しかしながら、俺はぼんやりとこう考えていた。「このアル中寸前の人格破綻者でも、一応は結婚して、子供も二人作っている。たぶん、普通に生きていれば、そのように結婚できるようなものなのだろう。そうだ、俺は平凡に生きよう。大学を出て、大きな会社に勤めて、この父のように自分で会社を始めようなどと思うまい」などと。もっとも、そのころは自分の対人コミュニケーション能力の低さとか、自分がチビのままだとか、そんなこと想像だにしていなかったのだけれどもね。
それがまあ、ごらんの有様だよ、と。なんとなく普通に行くだろうと生きてきて、それなりの大学入ったまではよかったね。成功だね。俺がどこの大学行くかという話を知った、俺をきらいなやつが、わざわざ「おまえは人生の成功者だな! よかったな」などと憎々しげに言ってくるくらいだったからな。まあ、あいつの期待を裏切ってやって、俺はひそかによろこんでいるところもあるのだけれどもね。
まあ、なんだ、だからといって、なんだ。

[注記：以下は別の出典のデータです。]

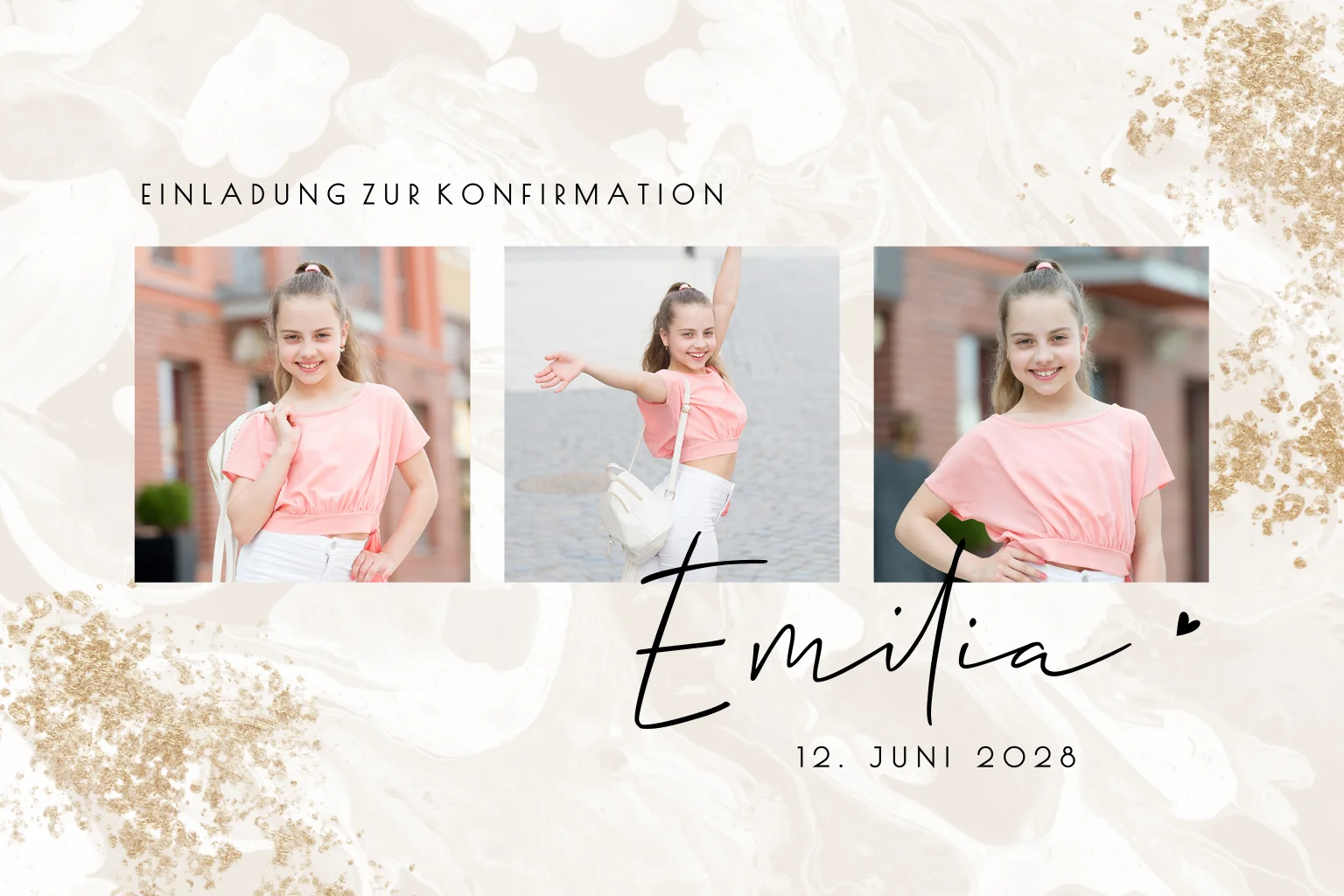 Verspielte Einladung zur Konfirmation mit Fotos und GoldspritzernDas Design der von dir gewählten Karte wurde automatisch in andere Formate umgestellt. Wähle einfach deinen Wunschformat aus und platziere alle Texte und Elemente an der richtigen Stelle im Editor. Du hast Fragen oder dein Favorit steht nicht zur Auswahl? Dann kontaktiere uns bitte und wir werden uns gemeinsam darum kümmern!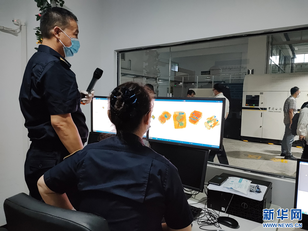 “崔姐”对不同色块进行识别,使“问题包裹”无处遁形。黄维摄/新华网发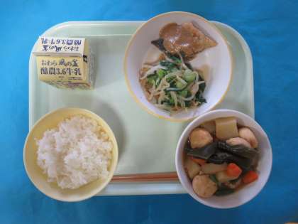 今日のメニューは、ごはん、ぎゅうにゅう、さかなのあまみそかけ、おひたし、かんとうだきです。あまみそはごまの風味がして、さばの味をひきたてていました。
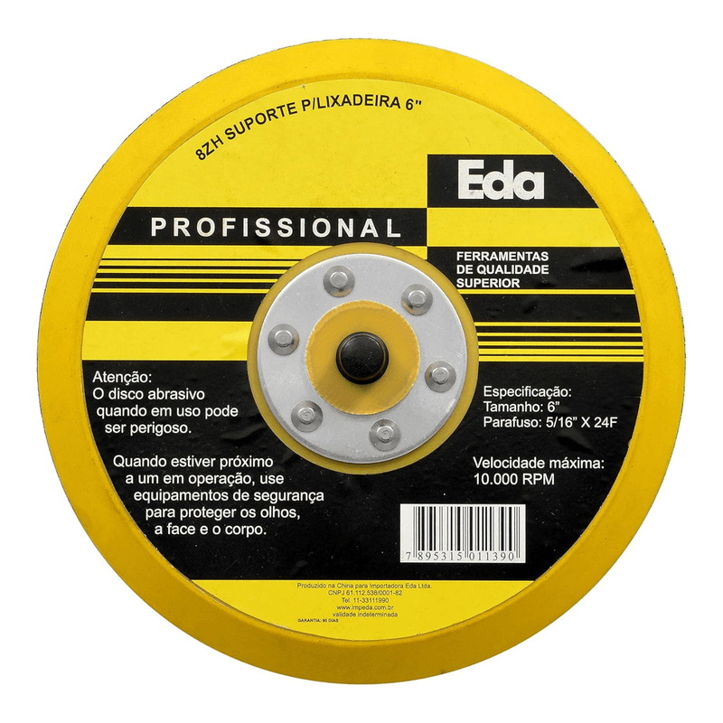 O Suporte para Lixa Sem Furo com Velcro 6" 8ZH EDA é um acessório para lixadeiras de 6 polegadas, desenvolvido para fixação rápida e segura de discos de lixa com velcro, sem necessidade de furos. O 8ZH EDA foi fabricado em borracha resistente, proporciona boa aderência, lixamento da 8ZH EDA é uniforme e reduz as vibrações, sendo ideal para trabalhos de acabamento e desbaste em diversas superfícies, com praticidade e eficiência.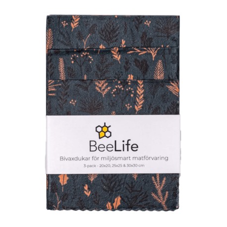 3-pack bivaxdukar premium rusakulan mörkblå, som används för hållbar förvaring av mat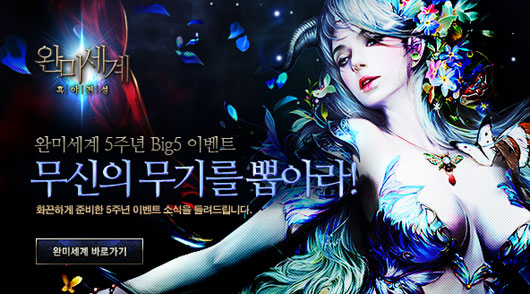 ... 먼저 '완미세계' 최고급 아이템을 획득할 수 있는 '무신의 무기를 뽑아라' 이벤트가 진행된다. 이용자는 이벤트 페이지 내 룰렛을 돌리면 '명성'과 각종 게임 내 고급 아이템을 획득할 수 있다. 또 매주 목요일에만 진행되던 '원령 군단 습격'이 이벤트 기간 동안 월요일과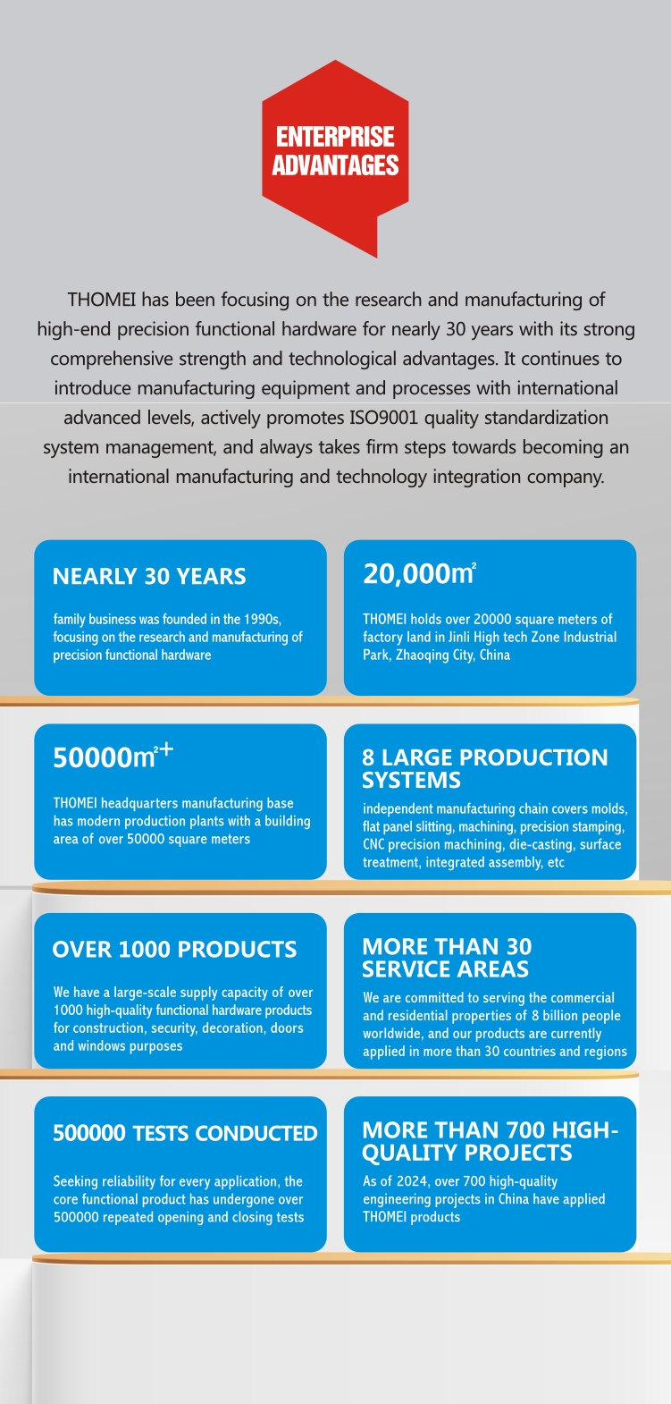 Guangdong THOMEI Building Hardware Co., Ltd. is located in the headquarters manufacturing base of Jinli High tech Industrial Development Zone in Zhaoqing City, China. It covers an area of over 68000 square meters and has a production plant with a building area of over 50000 square meters.It has modern standard production plants that meet national environmental protection and safety manufacturing requirements. THOMEI has an advanced automated production equipment system that covers the manufacturing chain process of its product line,Enable the company to have a production scale that ranks among the top in the industry in terms of annual output. As a highly competitive professional manufacturer in the industry, Tianlan Hardware can meet the needs of numerous customers for efficient and high standard large-scale production orders. Relying on strong capabilities and first-class supporting production capacity…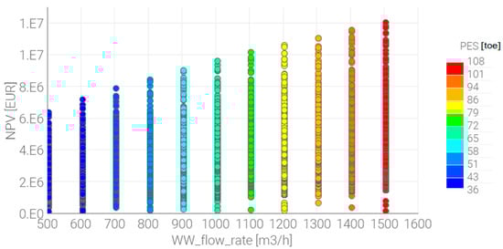 Influence of the treated wastewater flowrate on NPV and PES indices (Scenario 2).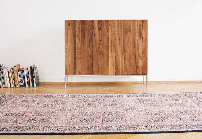 Die Anrichte FARIBA besticht besonders durch die vertikale Massivholzmaserung. FARIBA betont elegant die Materialkombination von massivem Holz und einem nahtlos gefertigten Edelstahlrahmen. Eine durchgehende Fase entlang der oberen Innenkante aller drei Türen dient als Griff. FARIBA ist auch mit zwei Türen erhältlich sowie mit einem Gestell aus pulverbeschichtetem Stahl.

よくわからないが、どうも世間の方も、普通とか平凡という、かつてのそれがガラガラ音を立てて崩れてくれているようで、俺にとっては助かっているのかもしれない。いや、べつに誰が助けてくれるわけではないけれども。というか、小さいころの俺の不安そのままに、家が崩壊したのだけれどもね。
そんなわけで、なんというか、俺は「平凡社」を見るたびに、俺の生きられなかった「平凡」の人生を思う。昭和のころ、おそらくは今よりは当たり前だったかもしれない「平凡」を。ただ、べつに、なんというか、だからといって、俺と同年代の人間が、普通に結婚して、普通に子供もいたりして、そんな現実は現実であって、日本が俺の人生ほど崩壊しているわけでもないようなんだけれどもね。
1914 下中弥三郎が自著の小百科事典「や、此は便利だ」の販売のため創立。